If the architecture is running on top of Kubernetes there are alternative options to address these problems.
So-called service mesh implementations do not have to be part of the actual application code, but can happen on a the network level of the container.
A fairly new approach is emerging with the eBPF technology, which claims to enable service meshes with minimal overhead.
With this talk I want to compare the approaches to figure out if one, the other or a combination of them might make sense.
The talk is split into a theoretical and a live-demo part.
What's (new) with Spring Boot and Containers?
Spring Boot has established as the most popular framework for Java applications, while containers have become a standard in many aspects of modern software development. Now, how well do they go together? In this session, we'll explore the most important ways Spring Boot integrates with containers, covering tools and features that simplify building, testing, and running your applications in Docker and Kubernetes. Spring Boot has kept pace with powerful integrations to make working with containers seamless, but are you aware of all (new) integration points and are you able to take full advantage?

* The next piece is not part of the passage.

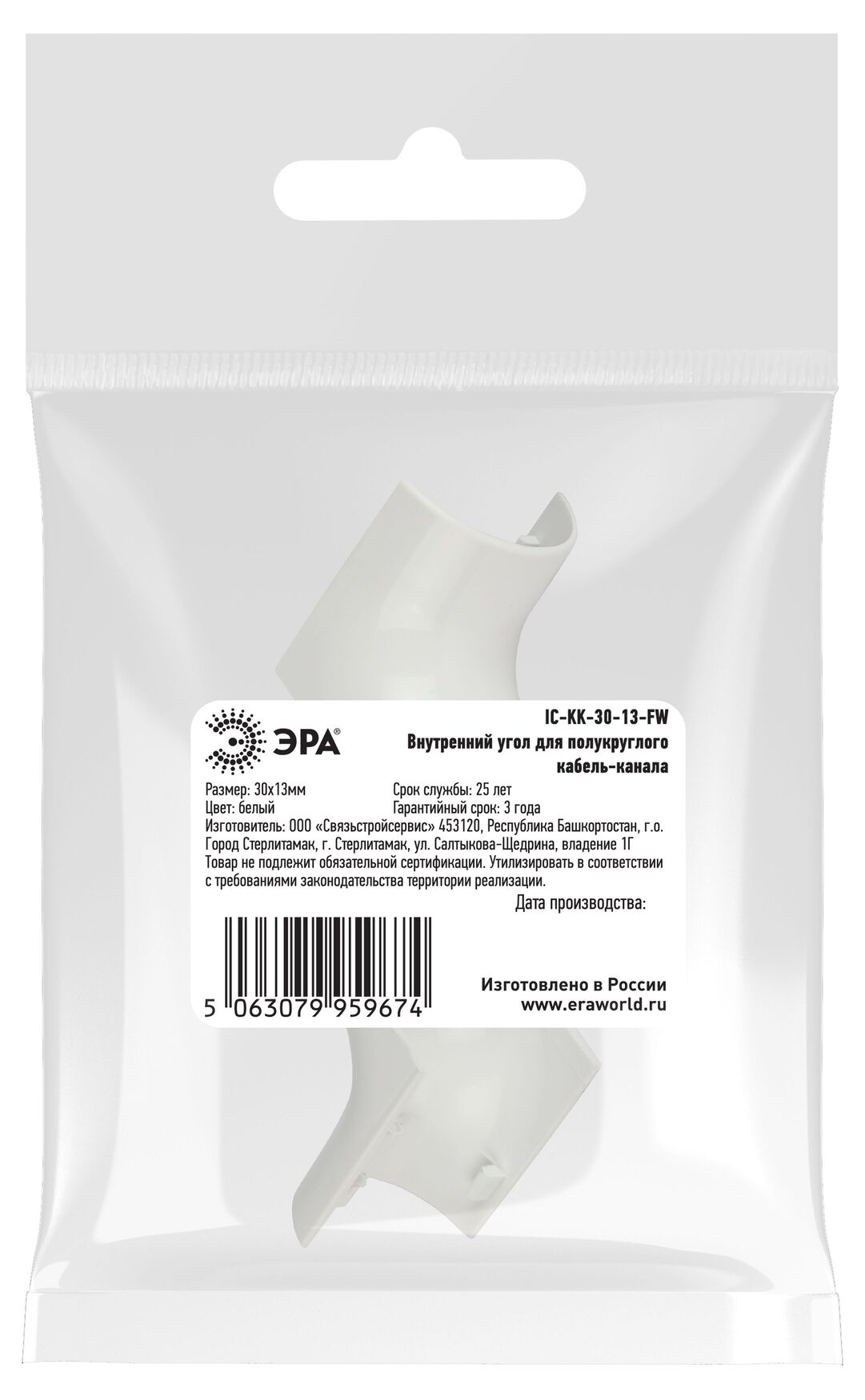 Угол внутренний для полукруглого кабель-канала 30х13мм белый IC-KK-30-13-FW 2шт/комплект, код Б0064896, производитель ЭРА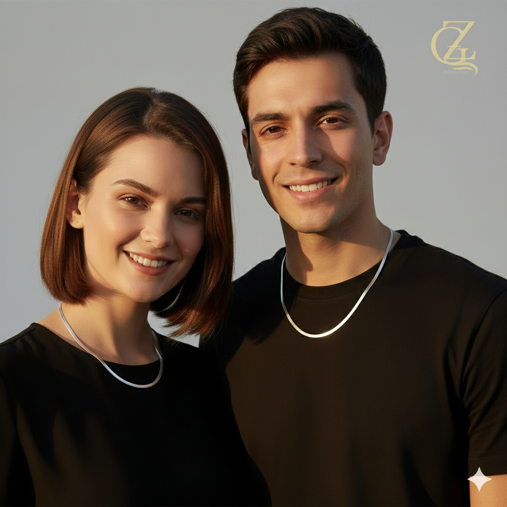 Elevate your everyday style with our Silver Herringbone Snake Chain. Designed with a flat, fluid silhouette, this necklace sits perfectly against the skin, offering a “liquid metal” glow that transitions seamlessly from day to night. Whether worn as a bold solo statement or layered with your favorite pendants, its minimalist aesthetic makes it a jewelry box essential.

This talk will guide you through the entire developer journey covering established integration points as well as updates and new ones: building efficient images with Buildpacks including options like jlink, support for native images, testing in realistic environments with Testcontainers, running locally with recently added Docker Compose feature, and deploying securely in Kubernetes.
The majority of integration points will be shown in live demo steps.
Whether you're new to this topic or looking to streamline and optimize your existing workflow, this talk will leave you with insights you can directly apply.